# British HND Engineering Diploma



## faylim (Nov 22, 2011)

Hi,

Does any one knows what is the value of the British Higher National Diploma in Engineering with the Professional Registration as Incorporated Engineer I.Eng. under the licensed of Engineering Council (U.K) in Canada. Do I still need that Canadian experiences to get a job in the field of engineering as a Technologist?

PLEASE HELP.

Thank you


----------



## Lindavid6 (Nov 7, 2010)

Unfortunately the designation I.Eng holds no weight here and is not understood, the only UK designation that is recognised is Chartered Engineer. Whilst immigration recognises the HND qualification most employers here don't.
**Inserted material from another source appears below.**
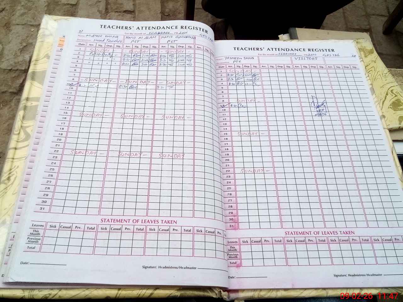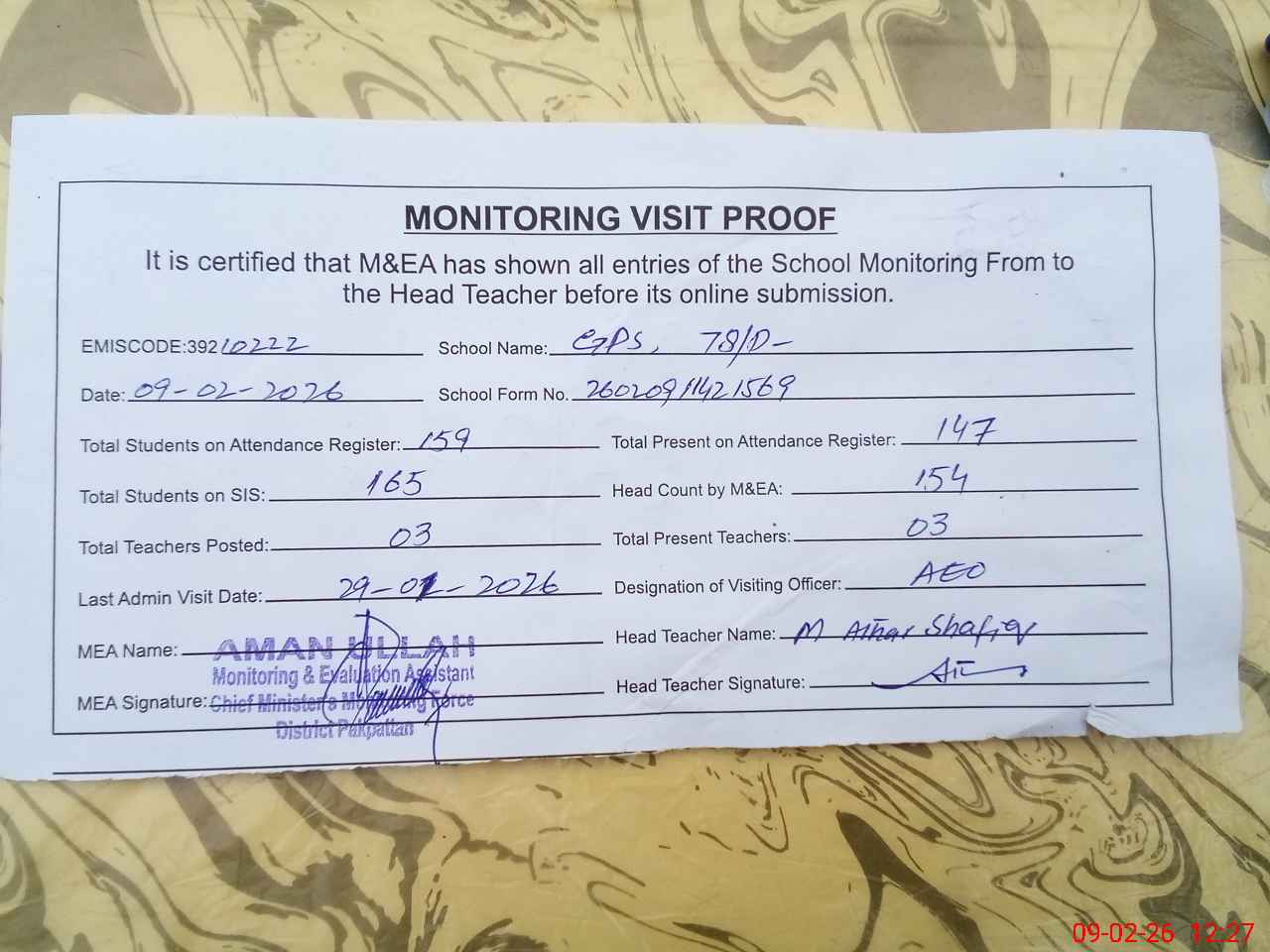 | Attendance Register | Head Teacher | MEA with School | Visit Proof |

As for obtaining a job as a technologist what is your exact field of engineering, employers here do place a lot of weight on Canadian Experience, which is always a problem for a new immigrant here. The other problem you will have is that you cannot even apply for CET or RET with the provincial technologists body until you get Canadian experience which is a chicken and egg situation. The rules are slightly different in each province as well, and Engineers Canada (the equivalent of the the Engineering Council) have no power over the provincial bodies.


----------



## faylim (Nov 22, 2011)

Thank you for your excellent response, which I highly appreciated.
My field o engineering is Mechanical & Production.
This is an excellent site for immigrants to explore and seek helps.


----------